Thursday, 13 December 2012

What is Forex ?

Description of the Forex

The Forex market,  established in 1971, was created when floating exchange rates began to
materialize. The Forex market is not centralized, like in currency futures or stock markets. Trading
occurs over computers and telephones at thousands of locations worldwide.

The Foreign Exchange market, commonly referred as FOREX, is where banks, investors and
speculators exchange one currency to another. The largest foreign exchange activity retains
the  spot exchange (i.e.., immediate) between five major currencies: US Dollar, British Pound,
Japanese Yen, Eurodollar and the Swiss Franc. It is also the largest financial market in the world.
In comparison, the US stock market may trade $10 billion in one day, whereas the Forex market
will trade up to $2 trillion in one single day. The Forex market is an opened 24 hours a day market
where the primary market for currencies is the 24-hour Interbank market. This market follows the
sun around the world, moving from the major banking centres of the United States to Australia
and New Zealand to the Far East, to Europe and finally back to the Unites States.

Until now, professional traders from major international commercial and investment banks have
dominated the FX market. Other market participants range from large multinational corporations,
global money managers, registered dealers, international money brokers, and futures and options
traders, to private speculators.

There are three main reasons to participate in the FX market. One is to facilitate an actual
transaction, whereby international corporations convert profits made in foreign currencies into
their domestic currency. Corporate treasurers and money managers also enter the FX market in
order to hedge against unwanted exposure to future price movements in the currency market. The
third and more popular reason is speculation for profit. In fact, today it is estimated that less than
5% of all trading on the FX market is actually facilitating a true commercial transaction.
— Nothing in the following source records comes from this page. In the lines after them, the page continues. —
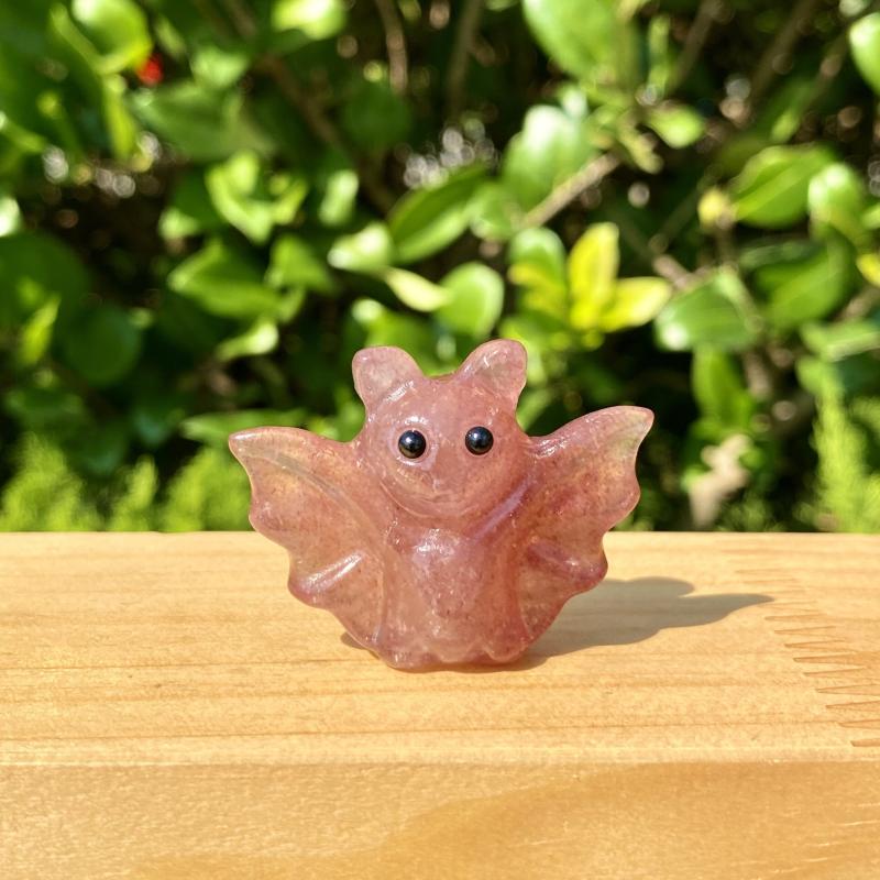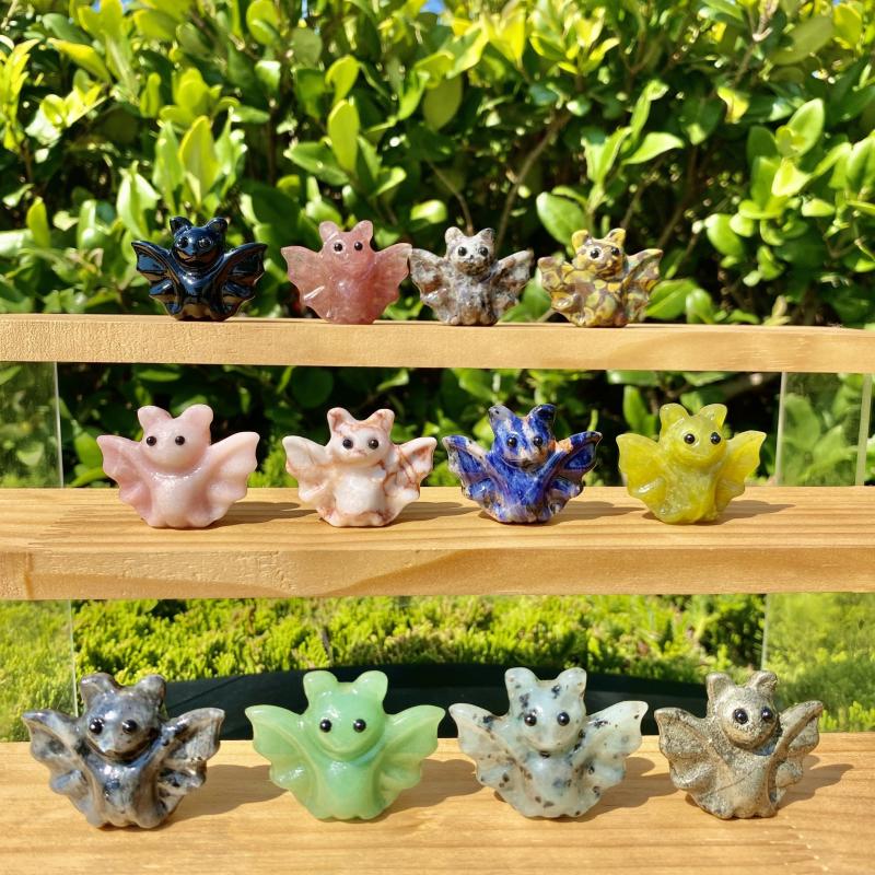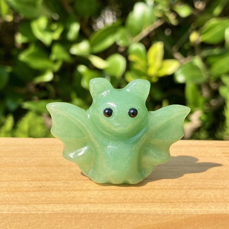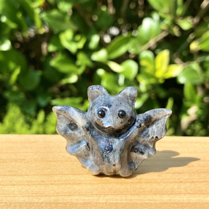 Bring a touch of nature into your home with this charming bat sculpture made of raw stone. Perfect for adding a unique and stylish accent to your living room or as a statement piece in your jewelry collection.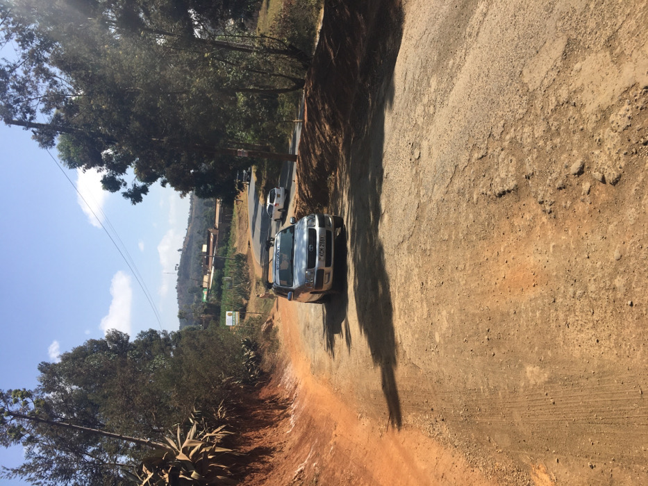 A silver Toyota Probox, bearing license plate KCM 285Y and a "PRIVATE" sign on its roof rack, is parked facing away from the viewer on an unpaved, reddish-brown dirt and gravel road in Limuru, Kenya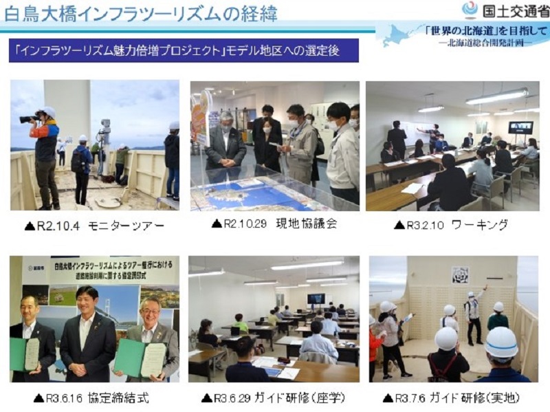 東日本最大の吊り橋で、日本で初めて積雪寒冷地に建設された北海道室蘭市の「白鳥大橋」もツアーが実施されているインフラの1つ。室蘭市長の提案をきっかけに管理者である同省北海道開発局が検討に乗り出し、地域による実施体制を整え、地元の企業がクルーズ船を運航している。室蘭市を含む周辺の3市4町は「西胆振」地域と呼ばれ、著名な温泉地やアイヌ文化を発信する国立施設、港湾クルーズが人気の室蘭港、室蘭の「工場夜景」などとの周遊観光が期待されている。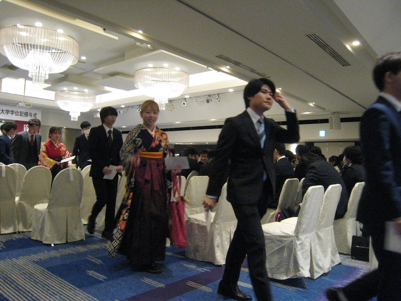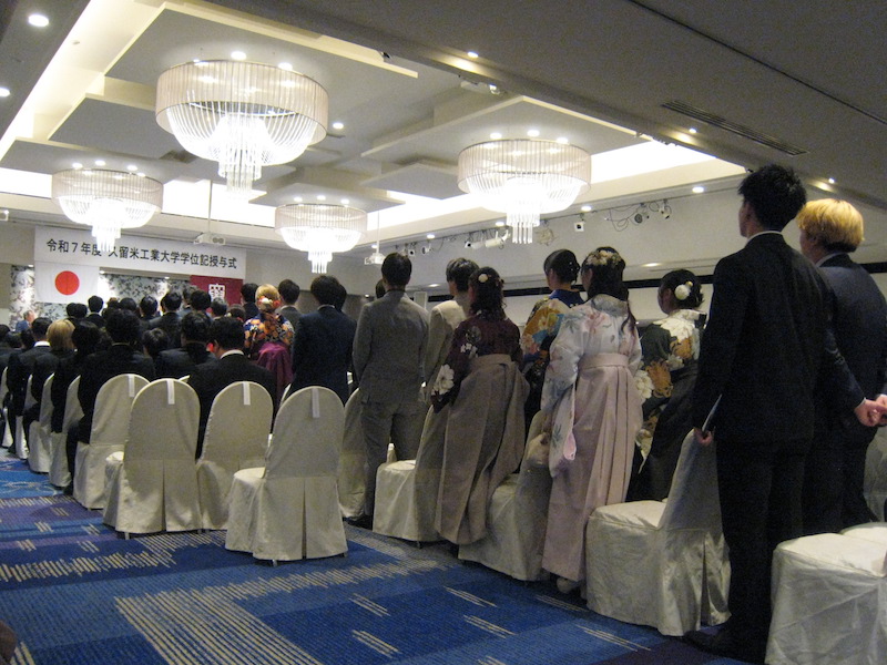 久工大の卒業式が開催されました。教育創造工学科の四年生三十一名が卒業しました。今年は市内のホテルでの開催でした。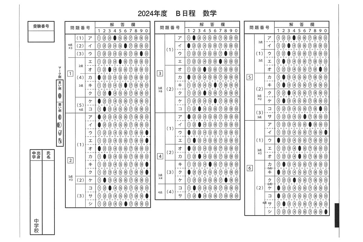 2024年度入試過去問題 B日程(数学 解答)(1ページ目)|京都先端科学大学附属高等学校の入試過去問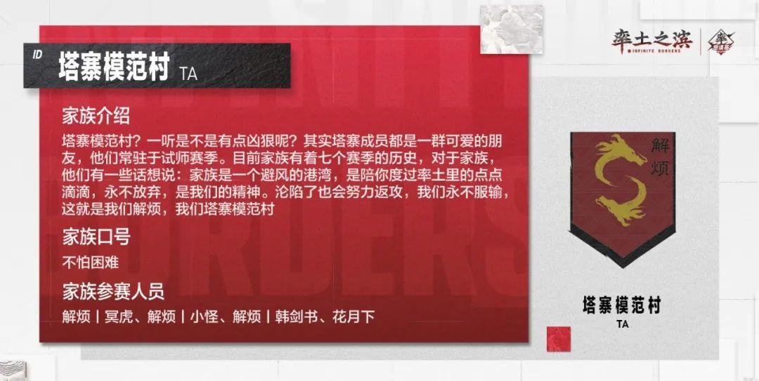 以上是部分参赛家族的风采展示,快来为自己的家族加油鼓气,同时也期待各位家族在邀请赛中的精彩表现!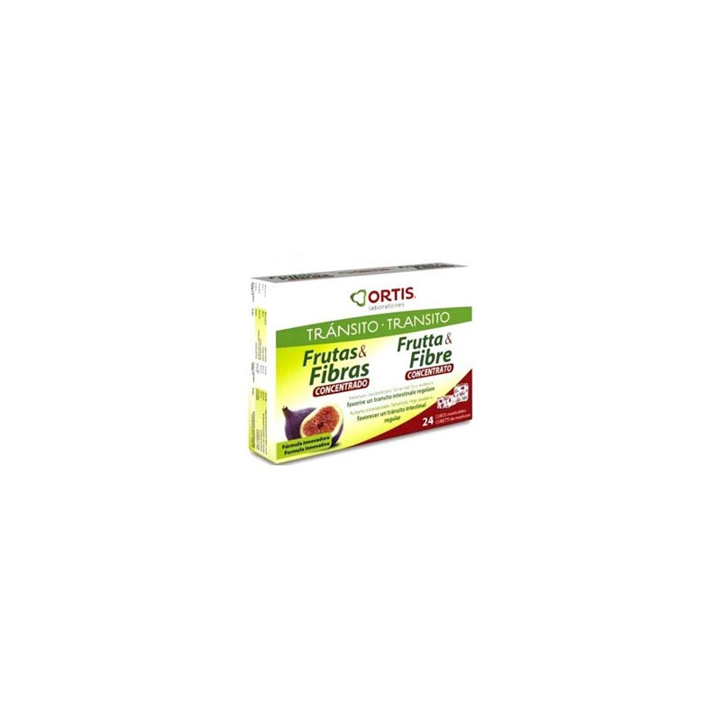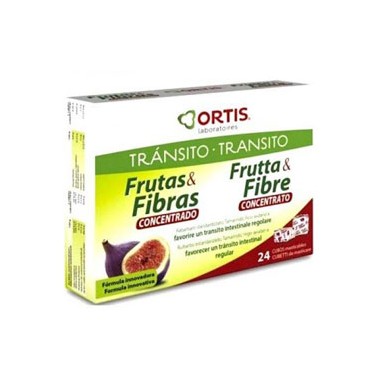 Frutas y Fibra concentrado 24 cubitos Ortis Cubos masticables destinados a la recuperación del tránsito intestinal normal.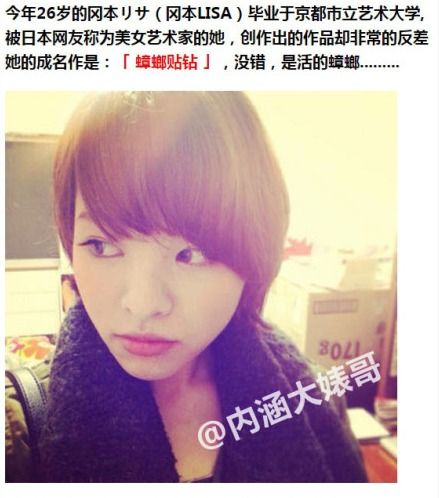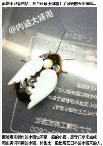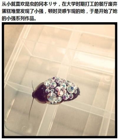 今年26岁的冈本リサ毕业于京都市立艺术大学,被日本网友称为美女艺术家的她,创作出的作品却和本人非常的反差....。.她的成名作是:“ 蟑螂贴钻 ”,没错.。.贴的不是手机,嗯..。.贴的是蟑螂本人...。.是活的蟑螂...。.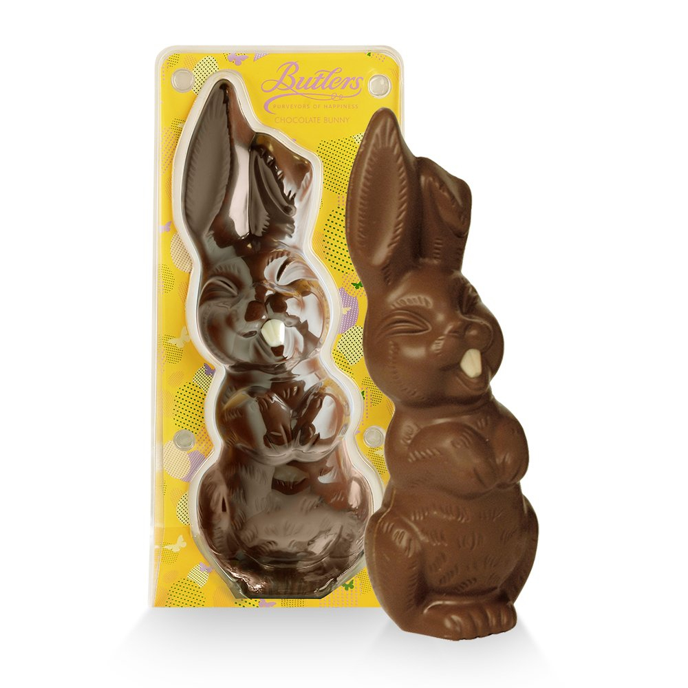Deliciously creamy milk chocolate hollow bunny with a white chocolate decoration. The perfect gift for chocolate lovers of all ages.

The FX market is considered an Over The Counter (OTC) or ‘Interbank’ market, due to the fact
that transactions are conducted between two counterparts over the telephone or via an electronic
network. Trading is not centralized on an exchange, as with the stock and futures markets. A true
24-hour market, Forex trading begins each day in Sydney, and moves around the globe as the
business day begins in each financial center, first to Tokyo, London, and New York. Unlike any
other financial market, investors can respond to currency fluctuations caused by economic, social
and political events at the time they occur - day or night.